Don’t Count Out Your Lone Innovators
I was at an ideation session the other day where we gathered many people from all over the organization to come together and collaboratively develop forward thinking productizable and patentable ideas. This client placed a high value on ideas generated collaboratively (who doesn’t nowadays?), even though they also had an individual inventor program.
During this session, where we were supposed to spend most of the session developing ideas collaboratively, one of the most prolific inventors in the company started furiously making notes, during the introduction of the meeting, and continued to all the way through the ideas session, until we were supposed to discuss our ideas collaboratively.
What had he been writing so furiously? All while we were talking about the kinds of ideas to generate, he had already taken in enough of the intro to just go ahead and start. He already had reams and reams of ideas generated by the time we’d started on the collaborative invention session. He was one of their best “lone innovators”.
We all get that it’s important to collaborate.
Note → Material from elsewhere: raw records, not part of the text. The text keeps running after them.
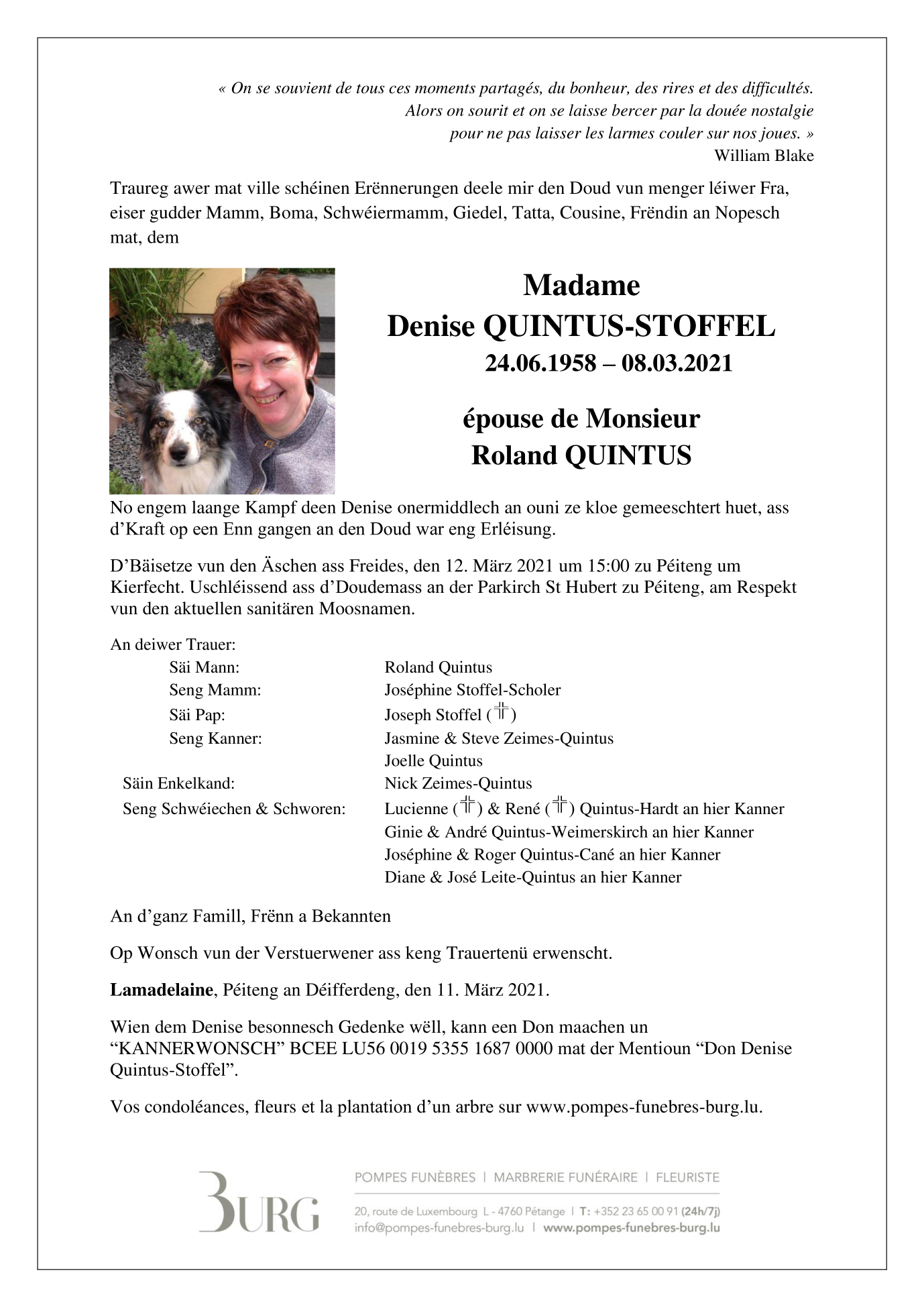 Décédée à Esch-Sur-Alzette/Mayrisch  (4240, Luxembourg) le lundi 8 mars 2021 à l'âge de 62 ans
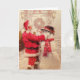 Retrokort med Jultomten som rättar till Snögubbe hat.
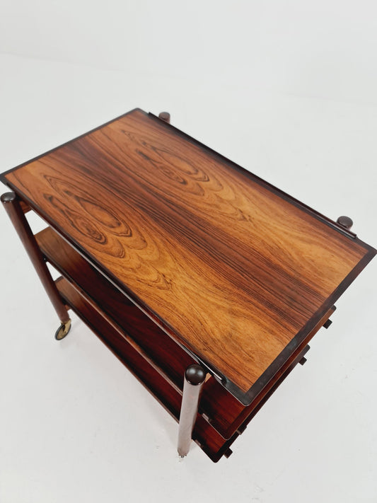 Vintage mid century danish trolley in solid Rose wood / bar cart By Poul Hundevad , 1960s
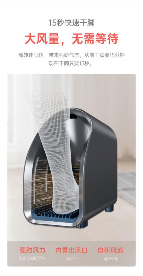 魔创干脚机采用魔创品牌原创风道专利技术,设计了54个出风口,可实现360°全方位立体出风,快速吹干脚部水珠,让脚部更干爽。
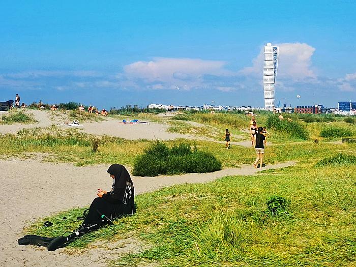 Am Abend habe ich zwei Möglichkeiten zur Auswahl. Einerseits könnte ich in den Park gehen und Alphaville lauschen – entweder vor der Absperrung oder jetzt für etwas über 30 Euro dahinter. Andererseits könnte ich auch noch einmal an den Ort fahren, wo am Dienstag alles begann – nah an der Brücke. Ich entscheide mich für Letzteres, nehme nach einem Imbiss den Bus und fahre wie neulich Richtung Campingplatz. Zwei Stationen vorher steige ich aus. Doch wo ich eben noch quasi allein unterwegs war, erweist sich diese Stelle am Ufer nun als Hotspot der muslimischen Community Malmös. In großen Gruppen sitzen Frauen mit Kopftüchern mit ihren Kindern beisammen, daneben die Männer. Von Zeit zu Zeit ziehen Qualmwolken und der Geruch von Gegrilltem über die Wiese.

We all get that there are many positive aspects to collaboration with groups and teams, and it’s important to be able to work in teams towards a shared vision and goal. This is common across all areas and industries — it’s been proven that collaboration leads to innovation.
Collaboration leading to innovation has been the main reason given by both Marissa Mayer and Ginni Rometty to call in remote employees. In fact, if you were an alien coming to Earth and just now getting to know humans, you’d think that with all this going on, watching humans grouping all the time, and the way we leverage the crowd in everything from social networks driving our sense of self-worth to networks literally driving us around, you might think that we are completely unable to ever do anything alone.
I’ve already blogged that we may even be seeing a new kind of human being evolving, the Homo Nexus, one who can’t exist in a world alone without the electronic touch of other humans, either directly or via proxy. Humans are becoming nothing without collaboration.
Or are they?
Humans are amazing, multifaceted, incredibly creative creatures. They come in all shapes, sizes, colors, and genders. They all have different personalities and attributes. Some are loud, some are quiet, some love being with people, feeling more energized in groups and teams, and others prefer quiet and alone time.
In our zeal to be ever increasingly collaborative (and for some reason we think that the more collaborative we are, the more innovative we are, but this is not necessarily so), we’ve forgotten that humans are all different, they are all energized by different things, and what can make one human amazingly creative can close the other one up.
Just like the best teachers need to touch students in all three sensory modes (visual, auditory, and kinesthetic) to connect with their students, we innovators need to ensure that we are inclusive when to comes to the all of the different types of innovators within our organizations.
In our exclusive invention architecture, we use exercises which target both “lone innovators” and teams, ensuring that we get the best from everyone and not just those who enjoy collaboration. Ideas from lone innovators can be just as good, or in some cases even better, than the ones generated by the teams. Sometimes the team members self-reinforce each other’s not-so-good ideas, just so that they can be good collaborators.
Notwithstanding our recent propensity to evolve to Homo Nexus, humans have not changed that much since the times of Edison, Bell, Franklin, Tesla, Babbage, and Berners-Lee, who may have leveraged prior work to come up with their world-changing inventions, but can still be considered lone inventors.
I’m not saying collaboration doesn’t have a place in innovation, but maybe it’s just not as important as you think. Don’t discount the lone innovator — they need just as much, or in some cases, even more care than the teams of innovators do.
Lone innovators, in their isolation, can sometimes even come up with the most disruptive ideas. And those are the ones you really need.